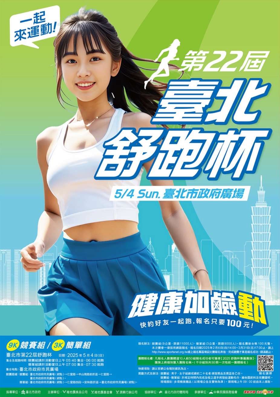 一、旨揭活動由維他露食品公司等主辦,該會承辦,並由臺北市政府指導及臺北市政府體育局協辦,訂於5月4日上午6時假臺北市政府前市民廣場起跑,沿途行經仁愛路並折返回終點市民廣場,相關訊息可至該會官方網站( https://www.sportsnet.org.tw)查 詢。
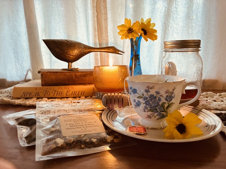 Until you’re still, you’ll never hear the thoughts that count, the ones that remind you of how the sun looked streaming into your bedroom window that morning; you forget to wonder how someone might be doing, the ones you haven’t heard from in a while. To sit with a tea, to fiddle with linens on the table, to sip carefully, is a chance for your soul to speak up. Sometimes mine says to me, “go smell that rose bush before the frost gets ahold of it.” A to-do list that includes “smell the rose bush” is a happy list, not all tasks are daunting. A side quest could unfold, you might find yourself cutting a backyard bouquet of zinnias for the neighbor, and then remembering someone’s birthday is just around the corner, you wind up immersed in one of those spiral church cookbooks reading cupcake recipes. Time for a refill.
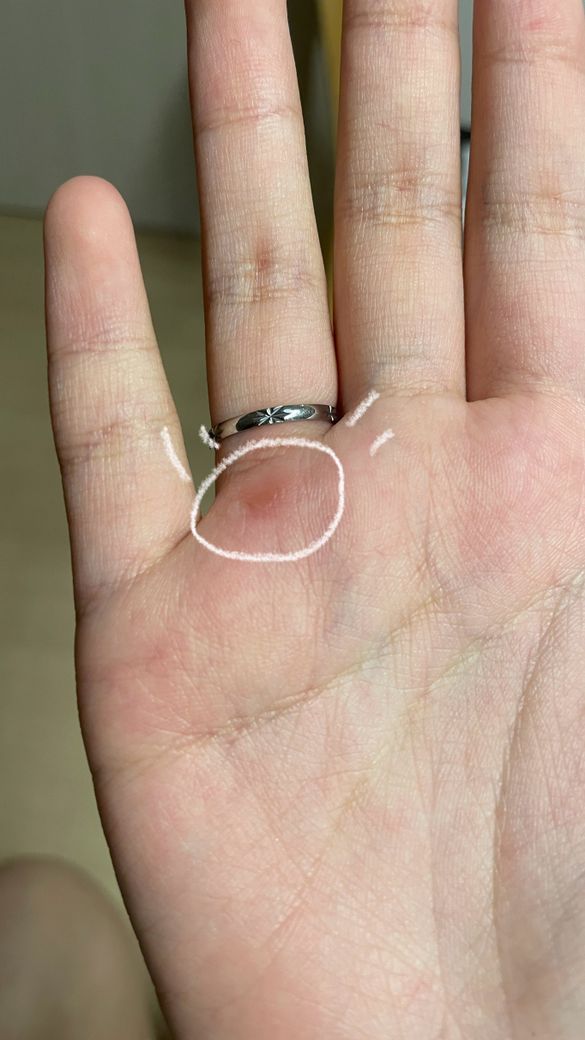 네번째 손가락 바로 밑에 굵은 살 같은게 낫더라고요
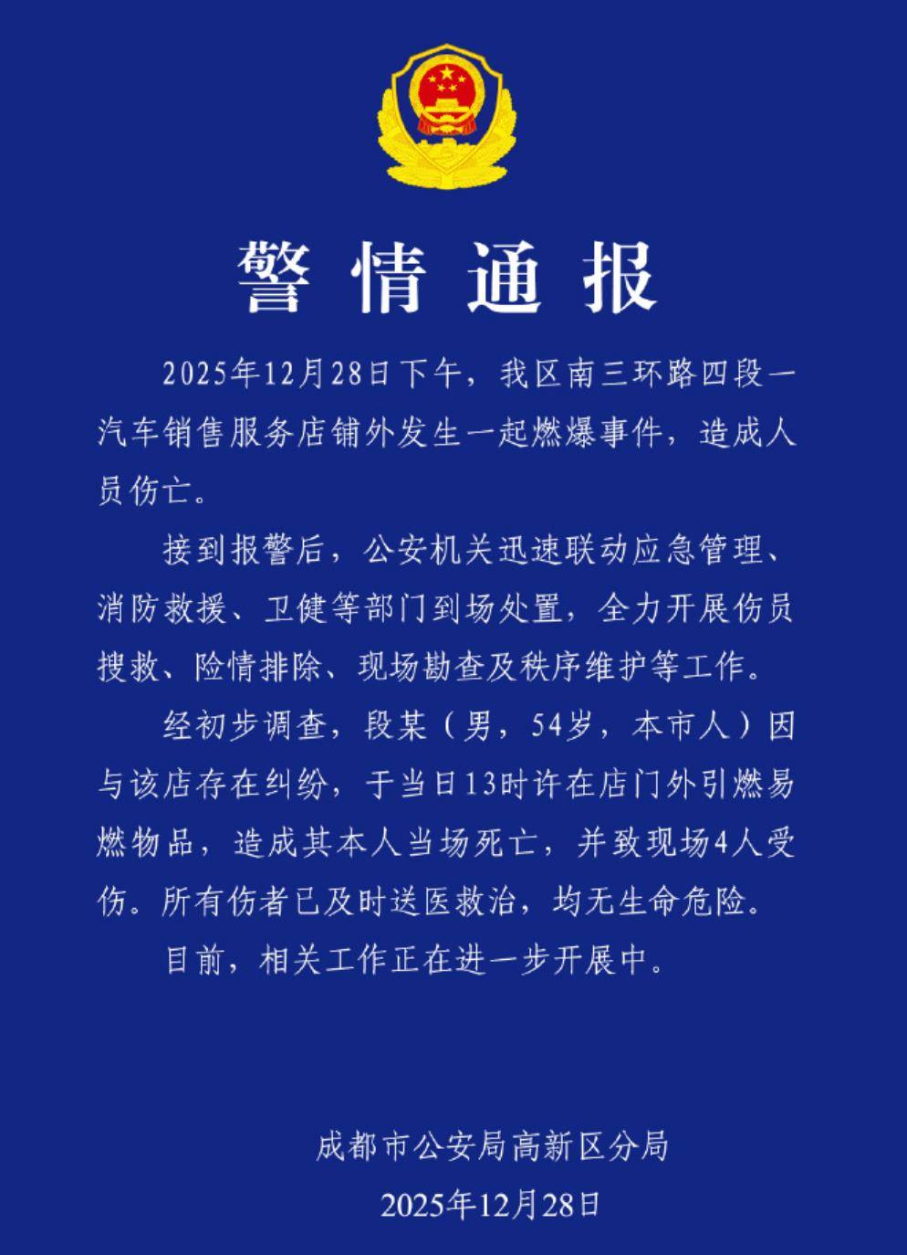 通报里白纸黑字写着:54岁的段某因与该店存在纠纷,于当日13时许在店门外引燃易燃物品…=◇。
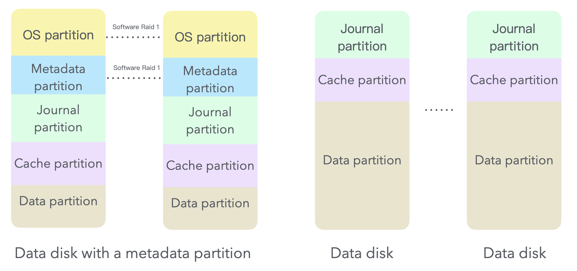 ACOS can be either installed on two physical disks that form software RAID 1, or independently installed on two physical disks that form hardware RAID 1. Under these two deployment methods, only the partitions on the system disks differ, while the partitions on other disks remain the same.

# [Problem requirements]
Could you output all of the records exactly, without their pictures?

# [The completed task]
 一、旨揭活動由維他露食品公司等主辦,該會承辦,並由臺北市政府指導及臺北市政府體育局協辦,訂於5月4日上午6時假臺北市政府前市民廣場起跑,沿途行經仁愛路並折返回終點市民廣場,相關訊息可至該會官方網站( https://www.sportsnet.org.tw)查 詢。
 Until you’re still, you’ll never hear the thoughts that count, the ones that remind you of how the sun looked streaming into your bedroom window that morning; you forget to wonder how someone might be doing, the ones you haven’t heard from in a while. To sit with a tea, to fiddle with linens on the table, to sip carefully, is a chance for your soul to speak up. Sometimes mine says to me, “go smell that rose bush before the frost gets ahold of it.” A to-do list that includes “smell the rose bush” is a happy list, not all tasks are daunting. A side quest could unfold, you might find yourself cutting a backyard bouquet of zinnias for the neighbor, and then remembering someone’s birthday is just around the corner, you wind up immersed in one of those spiral church cookbooks reading cupcake recipes. Time for a refill.
 네번째 손가락 바로 밑에 굵은 살 같은게 낫더라고요
 通报里白纸黑字写着:54岁的段某因与该店存在纠纷,于当日13时许在店门外引燃易燃物品…=◇。
 ACOS can be either installed on two physical disks that form software RAID 1, or independently installed on two physical disks that form hardware RAID 1. Under these two deployment methods, only the partitions on the system disks differ, while the partitions on other disks remain the same.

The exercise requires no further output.